Accepted_test
A software package was developed to extract data from available information resources about all human genes and their transcripts, promoter sequences and SNPs localization in them. A multi-threaded version of the SNP_TATA_Comparator program was developed to genome-wide analysis for assess the influence of known SNPs in the promoters of all human genes on changes in the affinity of TBP for DNA and in the expression of these genes. Integration of genomic data with clinical and phenotypic observations presented in the ClinVar database was carried out.
As a result, the database contains the following information:
- 62603 genes, of which 19314 encode proteins.
- 117414 transcripts, of which 63141 encode proteins.
- 5,305,816 SNP variants in gene promoters in the [-90,-1] interval from the start of transcription, of which 3,199,285 are in the promoters of protein-coding genes.
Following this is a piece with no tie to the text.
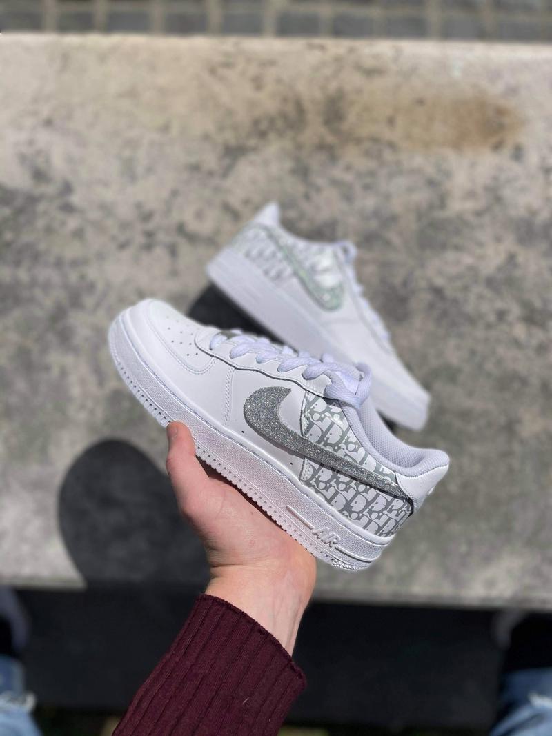 Cette Air Force One custom reprend le logo Dior sur la partie arrière de la sneaker avec une touche La paire a entièrement été customisée à la main par nos artistes LBS, dans notre atelier. Chaque paire est unique, nos customisations résistent à la pluie et aux craquèlements grâce à un vernis spécial. La prestation comprend la paire et la customisation.

- For 445,875 SNP variants in the promoter of a protein-coding gene, we predicted that they statistically significantly (p-value < 0.05) change the level of TBP affinity for this promoter. Among them, for 3847 SNP variants, there are clinical and phenotypic observations presented in the ClinVar database.
The results of genome-wide data analysis are presented, including the features of the distribution of genes by the number of transcripts, the distribution of SNPs affecting the affinity of TBP to DNA by positions within promoters, as well as patterns linking the affinity of TBP to the promoter, the specificity of the TBP binding site to the promoter and other characteristics of promoters.